The top 10 neighbors for Mental Health NIMH span government agencies, political organizations, journalists, news publishers, a grocery chain, and a social media management tool — with no other Research Organizations appearing in the set.
The shape is flat: scores run from CDC Emergency at 0.88 down to American Cancer Society at 0.85, a band of just three points across ten neighbors. No single entity dominates. By subcategory, the mix is genuinely heterogeneous: Government (CDC Emergency), Political Groups (The Democrats), Technology (Hootsuite), TV Channels (PBS), Grocery and Superstores (Whole Foods Market), Journalists (Brooke Baldwin, Wolf Blitzer), Politicians (Cory Booker), Journalists again (Jacob Dean), and Non-Profit (American Cancer Society).

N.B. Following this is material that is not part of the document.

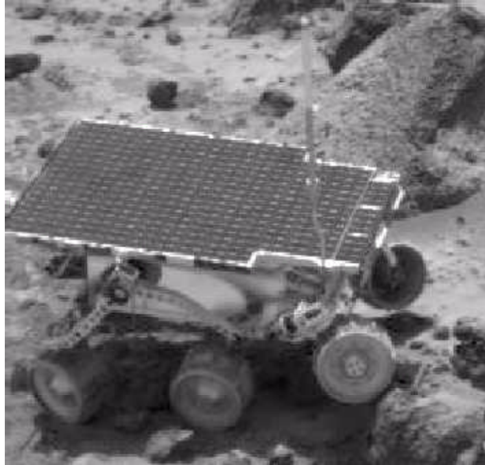
Sojourner rover on sol 41. Dust is uniform on the wheel drive surface. (Wheel detail is obscured.)

We believe that this accumulation occurred because the Martian surface dust consists of clay-sized particles, similar to those detected by Viking, which have become electrically charged. By adhering to the wheels, the charged dust carries a net nonzero charge to the rover, raising its electrical potential relative to its surroundings. Similar charging behavior was routinely observed in an experimental facility at the NASA Lewis Research Center, where a Sojourner wheel was driven in a simulated Martian surface environment. There, as the wheel moved and accumulated dust (see the following image), electrical potentials in excess of 100 V (relative to the chamber ground) were detected by a capacitively coupled electrostatic probe located 4 mm from the wheel surface. The measured wheel capacitance was approximately 80 picofarads (pF), and the calculated charge, 8 \times 10^{-9} coulombs (C) (ref. 1). Voltage differences of 100 V and greater are believed sufficient to produce Paschen electrical discharge in the Martian atmosphere (ref. 2). With an accumulated net charge of 8 \times 10^{-9} C, and average arc time of 1 msec, arcs can also occur with estimated arc currents approaching 10 milliamperes (mA). Discharges of this magnitude could interfere with the operation of sensitive electrical or electronic elements and logic circuits.

The dominant subcategory pairing across the ten is Journalists and Politicians — five of the ten neighbors fall into one of those two subcategories — which places this research organization's audience squarely in the orbit of civic and political media consumers rather than a health or science-specific cluster.
The cross-kind character is the defining feature here: an audience that looks like it follows cable news anchors and Democratic politicians as readily as it follows a federal health institute, with no fellow Research Organization in the top 10 to anchor it to its own kind.